- What you need to do
Retype the listing below exactly, pictures removed.

- Given information
--- START ---
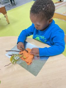 In our Religion lessons this week we have been learning to say Thank You to God for the World. We spoke about all the wonderful things that God created including the flowers, trees, the sky, the animals and the earth. The children used natural resources to make marks in playdough, they created their own art work using pens and pencils to say what they thanked God for and we went outside to see what we could spot that God had created and to say Thank You,
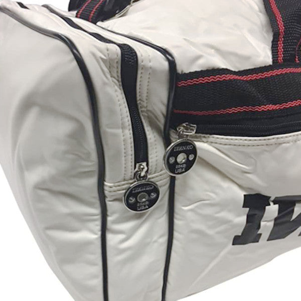 A very happy IVANKO customer called this "the world's best gym bag". Unlike canvas, which attracts all the nasty stuff on the men's locker room floor (and then it gets thrown on the passenger seat in your car, yuk) the IVANKO Gym Bag PVC material is very easy to wipe down and maintain cleanliness. It's rigid yet flexible construction enable it to stay open when you place it on the floor without flopping all over the place and drooping like a canvas bag. The end zipper pockets are designed to zip down to a level that keeps the compartments from collapsing - preventing the contents from spilling all over the ground when you're walking with it - unlike other bags that have the zippers that go all the way to the bottom of the bag.
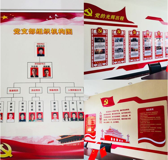 該支部還專門設立了黨支部活動室?;顒邮覍嵭?/span>“一旗(黨旗)一誓詞(入黨誓言)兩制度(支部工作職責、學習計劃)”上墻,配備桌椅、投影儀、電腦、書櫥等硬件設施,學習紀錄、活動安排等記載詳細并及時公開,為一線黨員創(chuàng)造了良好的學習條件。進一步提升項目部黨員黨性修養(yǎng),夯強了黨建基礎工作,充分發(fā)揮了黨組織的戰(zhàn)斗堡壘作用。讓黨員活動室成為黨性鍛煉之“爐”、凝聚人心之“橋”、展示作為之“窗”,是項目部加強黨建工作的又一重要舉措。
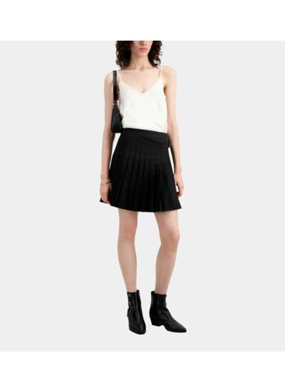 Cette jupe plissée courte présente une coupe droite légèrement évasée, une ceinture en cuir avec boucle, et une longueur de 44 cm pour une taille 36. Marque : The Kooples.
--- END ---
- Answer box
 In our Religion lessons this week we have been learning to say Thank You to God for the World. We spoke about all the wonderful things that God created including the flowers, trees, the sky, the animals and the earth. The children used natural resources to make marks in playdough, they created their own art work using pens and pencils to say what they thanked God for and we went outside to see what we could spot that God had created and to say Thank You,
 A very happy IVANKO customer called this "the world's best gym bag". Unlike canvas, which attracts all the nasty stuff on the men's locker room floor (and then it gets thrown on the passenger seat in your car, yuk) the IVANKO Gym Bag PVC material is very easy to wipe down and maintain cleanliness. It's rigid yet flexible construction enable it to stay open when you place it on the floor without flopping all over the place and drooping like a canvas bag. The end zipper pockets are designed to zip down to a level that keeps the compartments from collapsing - preventing the contents from spilling all over the ground when you're walking with it - unlike other bags that have the zippers that go all the way to the bottom of the bag.
 該支部還專門設立了黨支部活動室?;顒邮覍嵭?/span>“一旗(黨旗)一誓詞(入黨誓言)兩制度(支部工作職責、學習計劃)”上墻,配備桌椅、投影儀、電腦、書櫥等硬件設施,學習紀錄、活動安排等記載詳細并及時公開,為一線黨員創(chuàng)造了良好的學習條件。進一步提升項目部黨員黨性修養(yǎng),夯強了黨建基礎工作,充分發(fā)揮了黨組織的戰(zhàn)斗堡壘作用。讓黨員活動室成為黨性鍛煉之“爐”、凝聚人心之“橋”、展示作為之“窗”,是項目部加強黨建工作的又一重要舉措。
 Cette jupe plissée courte présente une coupe droite légèrement évasée, une ceinture en cuir avec boucle, et une longueur de 44 cm pour une taille 36. Marque : The Kooples.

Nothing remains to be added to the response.